Capitulo 21
Incluso después de que Meisa y la fuerza de sometimiento de los elfos oscuros se marcharan, la vida diaria de Turan no cambió mucho.
Fortaleciendo su cuerpo con Haram, aprendiendo habilidades con armas y artes marciales, descansando, practicando magia…
La única diferencia fue perder a un amigo con quien practicar magia por las noches.
Eso solo hacía que ese tiempo se sintiera un poco más solitario.
En el trigésimo segundo día de estar con la familia Berk.
En el taller del último piso de la mansión, desordenado con varios dispositivos mágicos, Melo, el hermano de Asiz, le entregó a Turan un objeto.
Su rostro había palidecido por haber estado encerrado durante el último mes para hacer esto.
“Aquí está.”
El dispositivo mágico era en forma de pulsera, hecho al trenzar varias correas de cuero largas y delgadas y envolverlas en un metal azul no luminoso.
Este metal, que originalmente solo se encontraba en algunas montañas del este, se decía que era un material que podía contener poder mágico más fácilmente.
“Solo llevarlo aumenta ligeramente la durabilidad física, y al infundirle poder mágico se incrementa aún más. En última instancia, alcanza un nivel similar al de los nobles de linaje guardián, pero el consumo de magia es severo, así que es mejor no mantenerlo por mucho tiempo.”
“Esto… es verdaderamente un tesoro asombroso.”
Era un rendimiento verdaderamente poderoso considerando que los dispositivos mágicos que recrean habilidades de linaje típicamente tienen límites de uso diario.
Ante la exclamación de Turan, Melo sonrió con orgullo y dijo.
“Tales objetos serían raros incluso en grandes familias. Resultó excepcionalmente bien.”
Si bien la habilidad de un artesano y el tiempo de producción tienen una influencia absoluta en la creación de dispositivos mágicos, la calidad puede diferir incluso con la misma habilidad y tiempo invertido.

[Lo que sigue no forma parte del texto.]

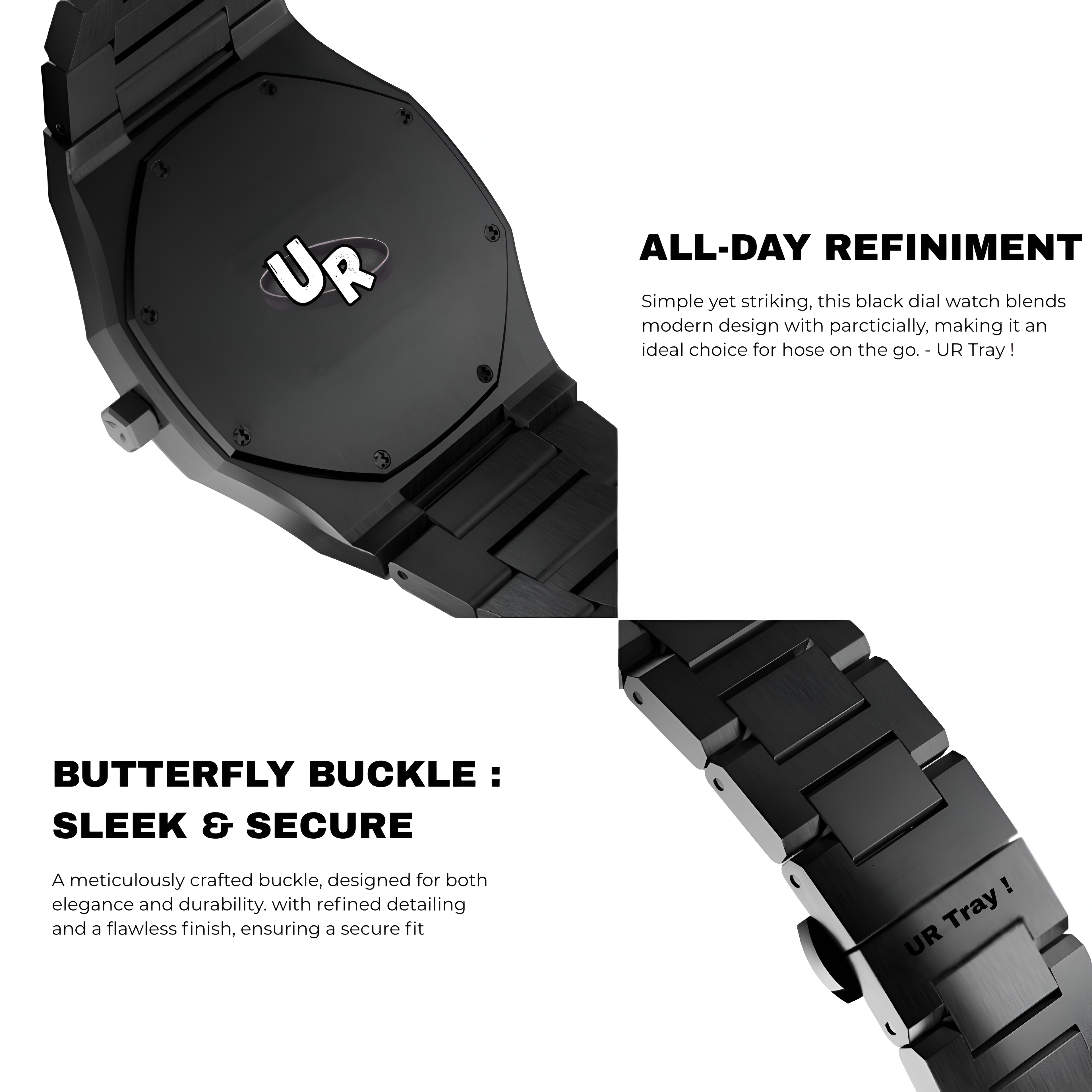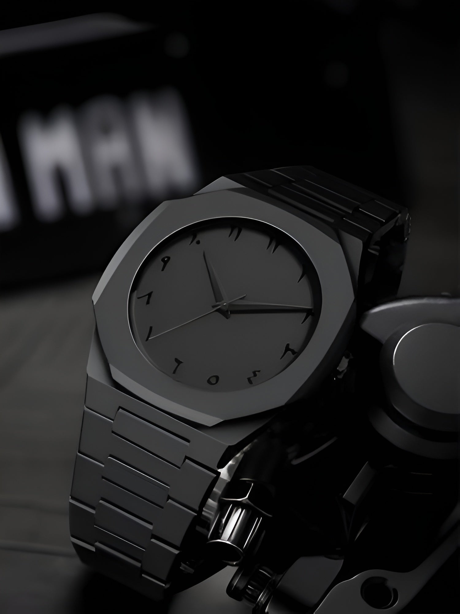 All-Black Watch, Stealth Watch, Minimalist Watch, Blackout Watch, Modern Watch, Black Stainless-Steel Watch, PVD Black Watch, Black Metal Watch, Polygonal Watch, Angular Watch, Integrated Bracelet Watch, Men's Minimalist Watch, Luxury Style Watch, Men's Dress Watch

Entre estos, este objeto era de la mejor calidad, digno de ser presentado a alguien como el cabeza de la familia Arabion, enfatizó Melo varias veces mientras elogiaba su creación, y finalmente añadió.
“Aunque Asiz es un tonto sin entendimiento, sigue siendo mi hermano. No podía ser descuidado con esta retribución.”
Aunque su primera impresión al criticar a Asiz lo hacía parecer frío, parecía que también era un hermano que amaba a su hermano.
Después de recibir el dispositivo mágico y despedirse, Turan se dirigió a Midela, la cabeza de la familia Berk.
Como era de esperar, ella propuso que Turan se uniera formalmente a la familia cuando vino a despedirse.
“Estoy verdaderamente agradecido por la oferta, pero me temo que sería difícil.”
“Ya veo…”
Sorprendentemente, en lugar de insistir en la oferta, Midela se rindió de inmediato.
Sus siguientes palabras revelaron por qué.
“En realidad, escuché de Asiz. Que eres alguien con muchas cosas que hacer, así que sería difícil establecerse aquí. Por favor, considéralo como el apego de una persona mayor al hacer la oferta, incluso sabiendo que no funcionaría.”
Parecía que Asiz había dado aviso previo a la cabeza de la familia.
Turan se inclinó profundamente en señal de gratitud.
“No olvidaré la hospitalidad que recibí de la cabeza de la familia. Asiz y la familia Berk serán siempre mis amigos.”
“Sí, eso es suficiente.”
Aunque lo sabía, parecía haber cierta decepción, ya que trazas de arrepentimiento se mostraron en el rostro de la cabeza de la familia Midela.
Después de la reunión, otros miembros de la familia Berk, especialmente aquellos que se habían acercado a Turan, estaban esperando.
“Tómalo.”
Haram le entregó abruptamente un daga.
Era de un tamaño conveniente que se podía llevar fácilmente como herramienta diaria o usar como arma si fuera necesario.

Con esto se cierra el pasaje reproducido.